== Data shown

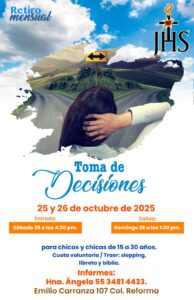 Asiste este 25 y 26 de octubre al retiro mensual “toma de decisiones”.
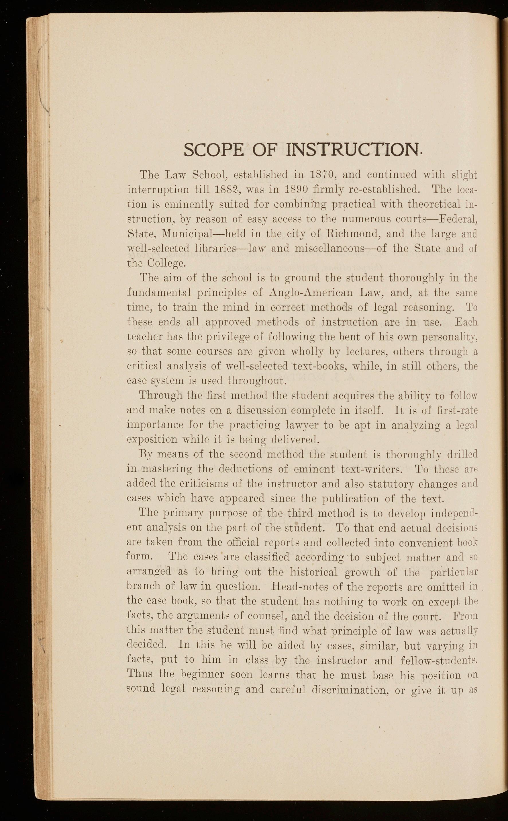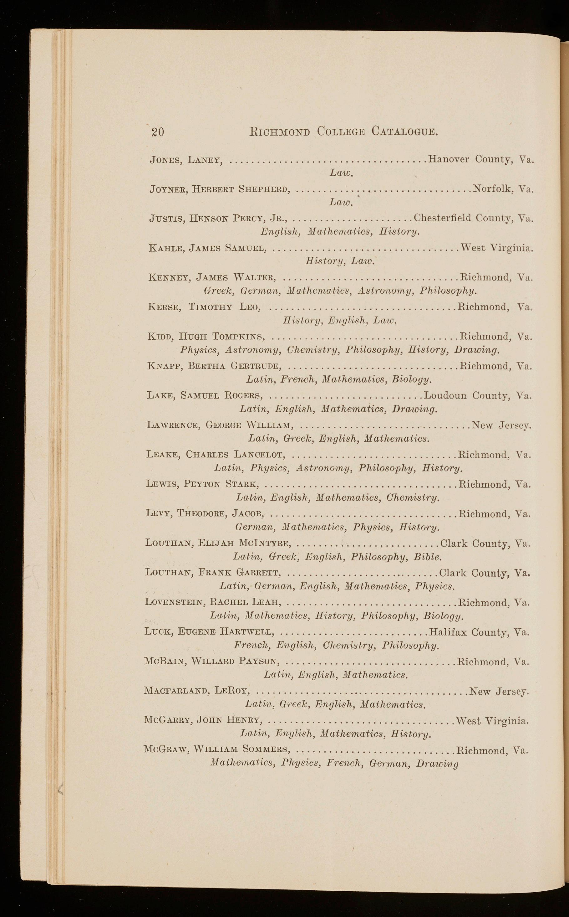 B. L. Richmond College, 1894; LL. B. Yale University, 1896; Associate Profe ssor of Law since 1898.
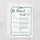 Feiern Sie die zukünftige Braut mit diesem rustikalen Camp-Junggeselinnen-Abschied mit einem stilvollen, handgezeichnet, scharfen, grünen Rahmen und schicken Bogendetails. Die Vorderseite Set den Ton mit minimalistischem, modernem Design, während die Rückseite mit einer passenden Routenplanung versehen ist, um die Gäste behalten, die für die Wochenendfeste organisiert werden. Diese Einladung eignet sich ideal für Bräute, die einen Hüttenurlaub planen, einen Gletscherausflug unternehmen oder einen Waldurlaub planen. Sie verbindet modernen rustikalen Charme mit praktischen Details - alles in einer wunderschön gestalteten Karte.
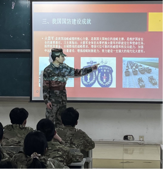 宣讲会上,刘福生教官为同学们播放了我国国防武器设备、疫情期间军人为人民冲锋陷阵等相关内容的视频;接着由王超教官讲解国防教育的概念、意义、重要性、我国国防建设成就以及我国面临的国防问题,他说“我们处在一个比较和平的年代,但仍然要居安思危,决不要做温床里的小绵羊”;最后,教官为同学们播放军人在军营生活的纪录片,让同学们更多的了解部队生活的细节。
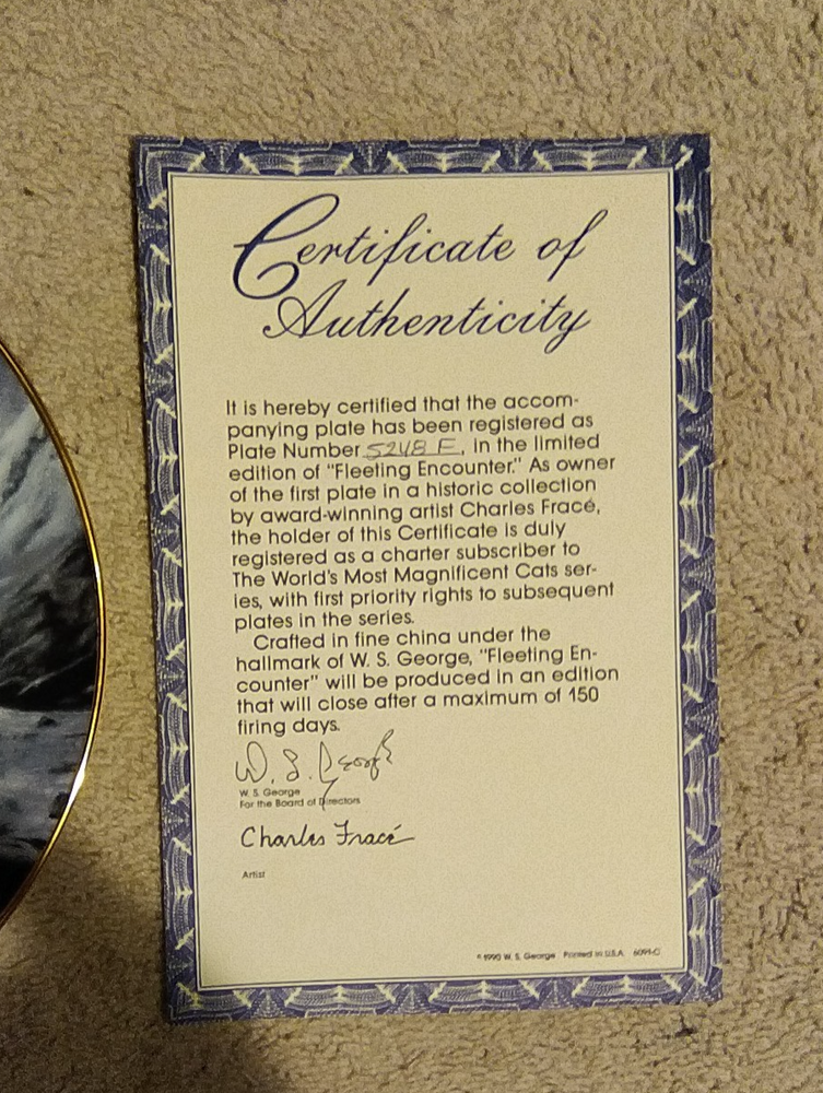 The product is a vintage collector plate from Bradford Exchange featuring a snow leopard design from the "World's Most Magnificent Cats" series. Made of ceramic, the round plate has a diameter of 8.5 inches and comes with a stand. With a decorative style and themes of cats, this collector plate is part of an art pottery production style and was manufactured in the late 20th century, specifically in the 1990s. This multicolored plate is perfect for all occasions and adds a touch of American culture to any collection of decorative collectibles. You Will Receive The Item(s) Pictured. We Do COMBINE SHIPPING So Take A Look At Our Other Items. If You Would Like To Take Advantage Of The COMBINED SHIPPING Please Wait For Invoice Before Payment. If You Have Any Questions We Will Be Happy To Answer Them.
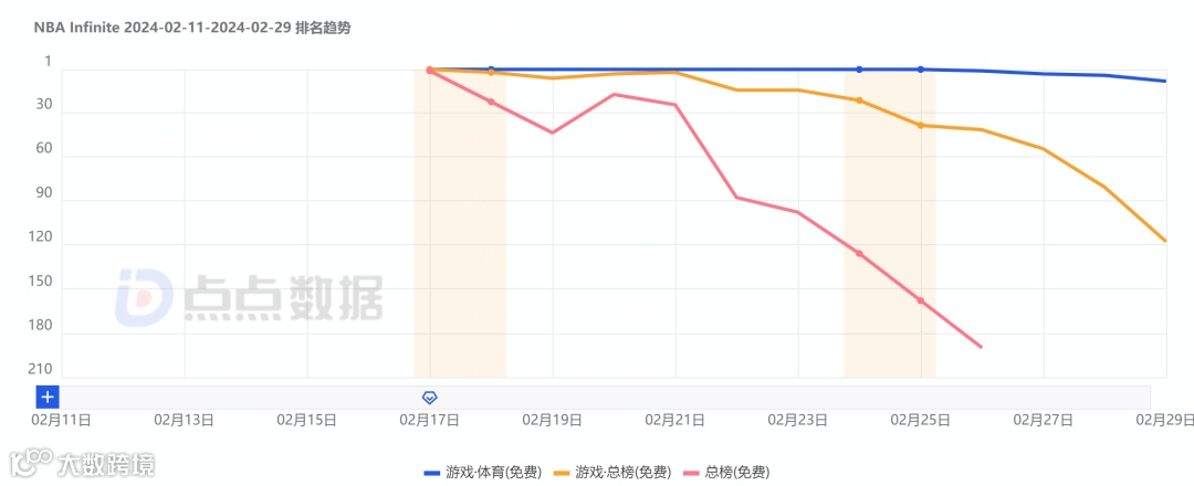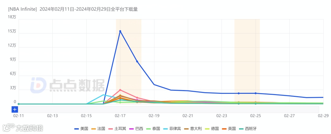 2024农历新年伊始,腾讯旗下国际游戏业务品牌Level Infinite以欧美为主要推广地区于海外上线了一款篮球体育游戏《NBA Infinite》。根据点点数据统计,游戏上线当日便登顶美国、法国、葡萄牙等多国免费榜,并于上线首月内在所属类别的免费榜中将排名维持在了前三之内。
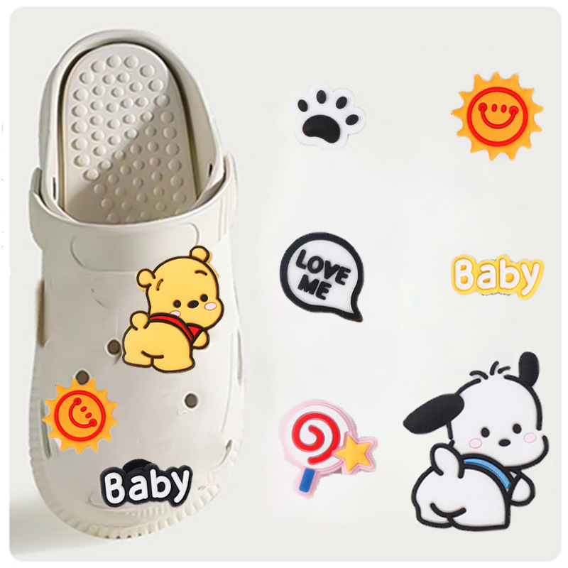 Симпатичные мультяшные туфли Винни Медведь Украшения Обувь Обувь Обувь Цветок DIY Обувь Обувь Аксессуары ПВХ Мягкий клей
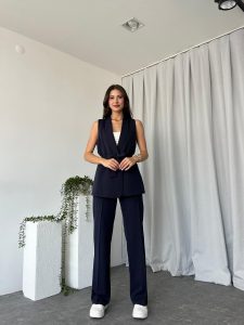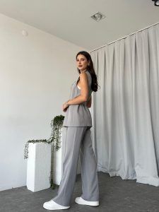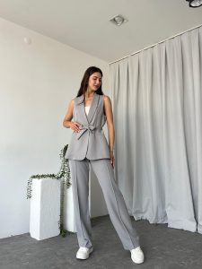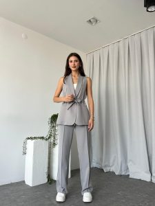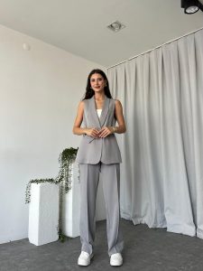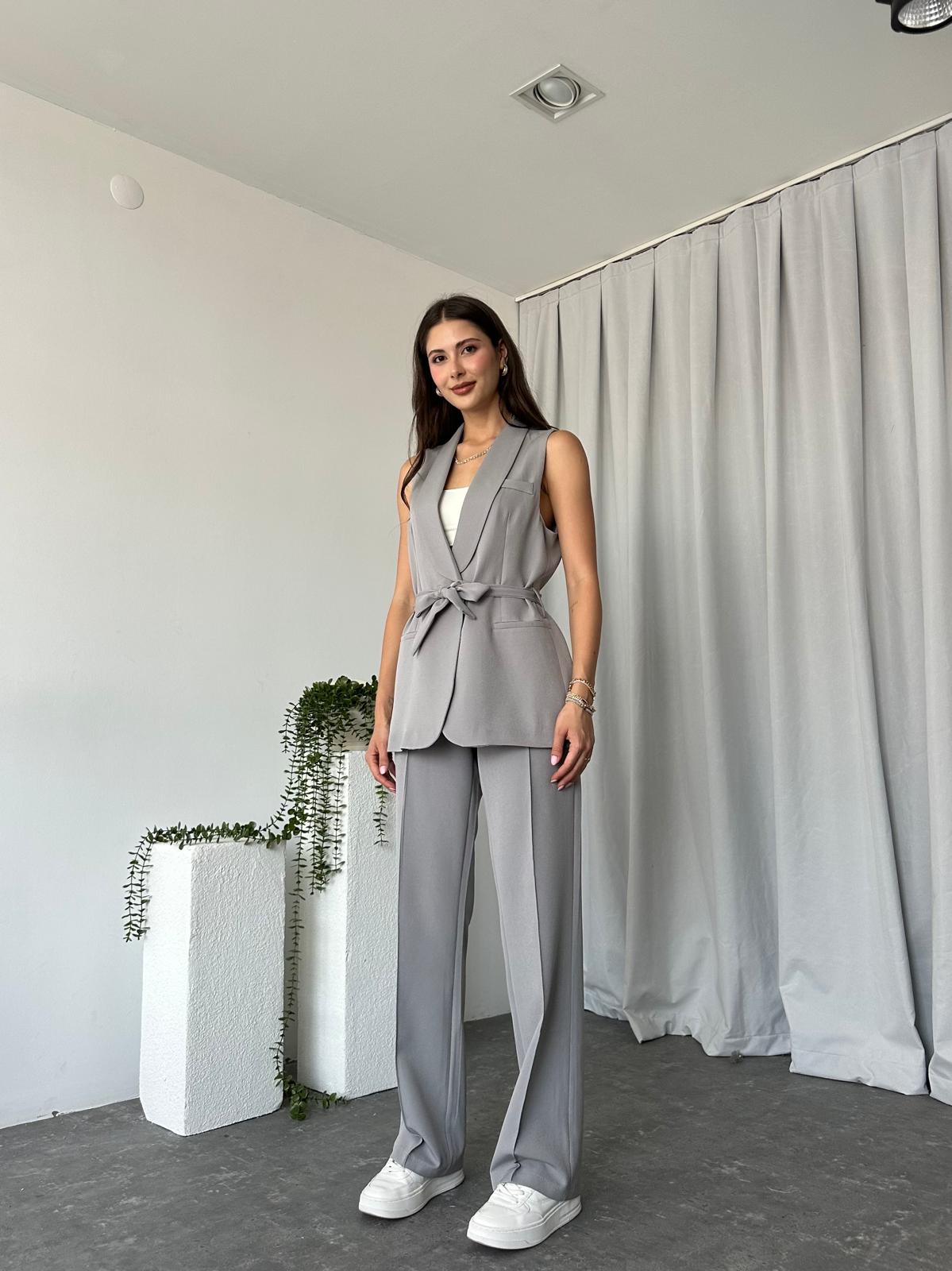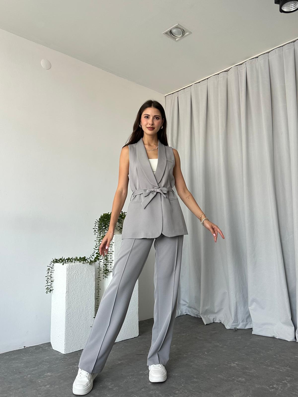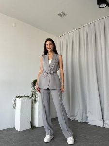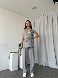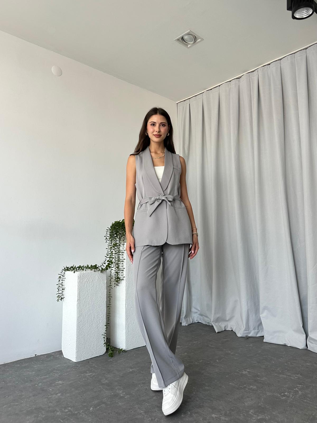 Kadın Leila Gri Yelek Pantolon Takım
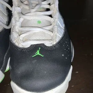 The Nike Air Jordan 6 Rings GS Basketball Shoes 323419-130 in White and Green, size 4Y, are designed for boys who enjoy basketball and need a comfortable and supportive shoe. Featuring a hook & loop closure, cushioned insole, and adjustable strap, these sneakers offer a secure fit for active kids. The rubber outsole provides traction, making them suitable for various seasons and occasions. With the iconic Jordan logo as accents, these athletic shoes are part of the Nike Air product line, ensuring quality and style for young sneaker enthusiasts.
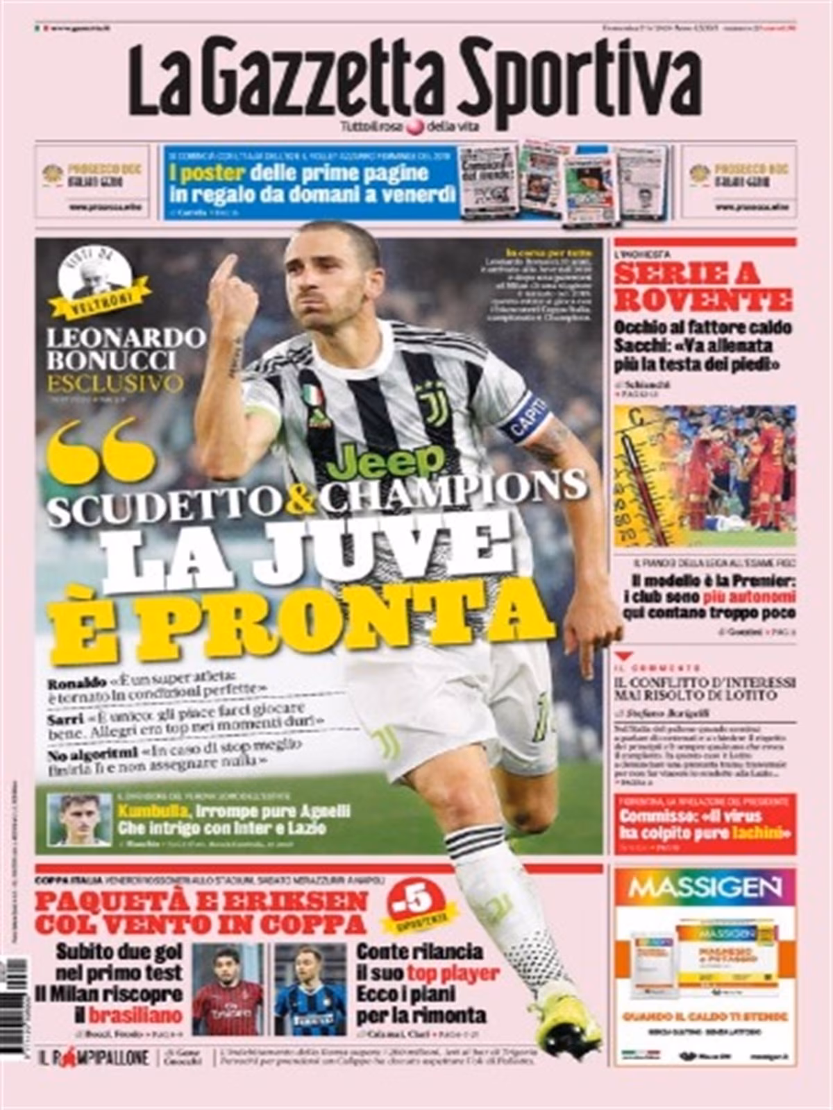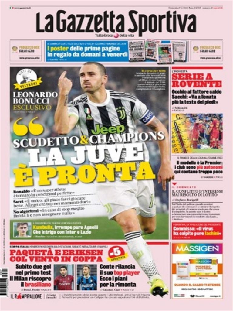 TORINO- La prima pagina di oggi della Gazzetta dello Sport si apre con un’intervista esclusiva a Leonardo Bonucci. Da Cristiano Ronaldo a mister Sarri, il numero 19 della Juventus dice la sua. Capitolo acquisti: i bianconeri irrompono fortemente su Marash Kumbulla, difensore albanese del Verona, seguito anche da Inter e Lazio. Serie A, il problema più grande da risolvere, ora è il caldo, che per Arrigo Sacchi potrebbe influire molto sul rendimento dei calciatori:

====

### Exercise description
The required output is every line from the one containing "Симпатичные мультяшные туфли" through the last line of the data above, restated exactly and without pictures.

### Task response
 Симпатичные мультяшные туфли Винни Медведь Украшения Обувь Обувь Обувь Цветок DIY Обувь Обувь Аксессуары ПВХ Мягкий клей
 Kadın Leila Gri Yelek Pantolon Takım
 The Nike Air Jordan 6 Rings GS Basketball Shoes 323419-130 in White and Green, size 4Y, are designed for boys who enjoy basketball and need a comfortable and supportive shoe. Featuring a hook & loop closure, cushioned insole, and adjustable strap, these sneakers offer a secure fit for active kids. The rubber outsole provides traction, making them suitable for various seasons and occasions. With the iconic Jordan logo as accents, these athletic shoes are part of the Nike Air product line, ensuring quality and style for young sneaker enthusiasts.
 TORINO- La prima pagina di oggi della Gazzetta dello Sport si apre con un’intervista esclusiva a Leonardo Bonucci. Da Cristiano Ronaldo a mister Sarri, il numero 19 della Juventus dice la sua. Capitolo acquisti: i bianconeri irrompono fortemente su Marash Kumbulla, difensore albanese del Verona, seguito anche da Inter e Lazio. Serie A, il problema più grande da risolvere, ora è il caldo, che per Arrigo Sacchi potrebbe influire molto sul rendimento dei calciatori:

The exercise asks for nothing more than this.